Physicists have long known that quantum mechanics allows for a subtle connection between quantum particles called entanglement, in which measuring one particle can instantly set the otherwise uncertain condition, or "state," of another particle — even if it's light years away. Now, experimenters in Israel have shown that they can entangle two photons that don't even exist at the same time. ...I don't doubt this experiment, but the explanation is really misleading. Quantum mechanics teaches that photons never exist as particles. They have some particle properties and some wave properties.
The experiment shows that it's not strictly logical to think of entanglement as a tangible physical property, Eisenberg says. "There is no moment in time in which the two photons coexist," he says, "so you cannot say that the system is entangled at this or that moment." Yet, the phenomenon definitely exists. Anton Zeilinger, a physicist at the University of Vienna, agrees that the experiment demonstrates just how slippery the concepts of quantum mechanics are. "It's really neat because it shows more or less that quantum events are outside our everyday notions of space and time."
So what's the advance good for? Physicists hope to create quantum networks in which protocols like entanglement swapping are used to create quantum links among distant users and transmit uncrackable (but slower than light) secret communications. The new result suggests that when sharing entangled pairs of photons on such a network, a user wouldn't have to wait to see what happens to the photons sent down the line before manipulating the ones kept behind, Eisenberg says. Zeilinger says the result might have other unexpected uses: "This sort of thing opens up people's minds and suddenly somebody has an idea to use it in quantum computing or something."

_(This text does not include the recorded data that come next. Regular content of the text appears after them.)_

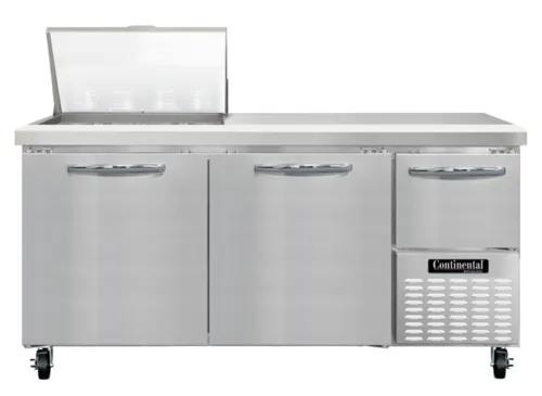 Refrigerated Base Sandwich Unit, 68" wide, #300 Series stainless steel (Mighty) top with (12) 1/6 size x 4" deep non-recessed pans, stainless steel front & sides, galvanized steel case back, aluminum interior, 10" deep nylon cutting board, (2) full & (1) half height field rehingeable doors, electronic controller w/ digital display, 5" casters, , side-mounted refrigerationQ & A
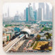 View of city metro line and skyscrapers coaster
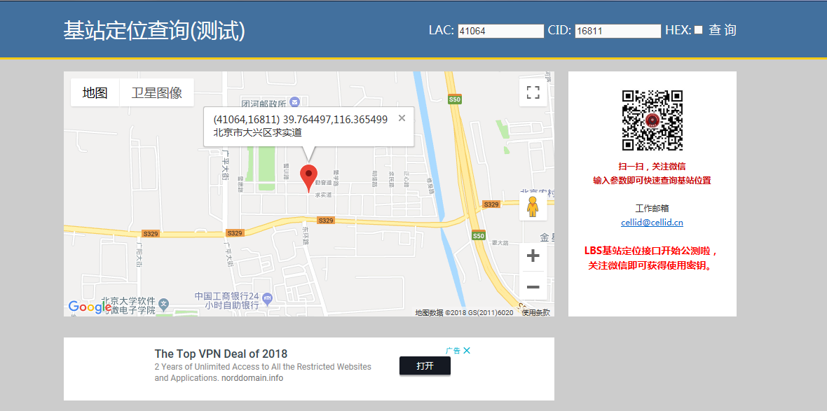 在一个案件中,获取了犯罪嫌疑人的LAC是41064,CID是16811,这个人可能在什么地方?(附截图)
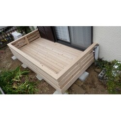 室内で飼っている犬を外に出したいので、部屋から出入りが出来るウッドデッキを造ってほしい。費用をなるべく抑えたい。

A lot of these quantum paradoxes depend on you thinking of photons as particles, analogous to macroscopic particles with which we have personal experiment, like marbles or ping pong balls. Think of photons as particles, and almost everything about light is very mysterious. Stop thinking about them as particles, accept quantum mechanics, and light is not so strange.
There are no applications to uncrackable secret communications or to quantum computing. This is just quantum mechanics, not some great new physics.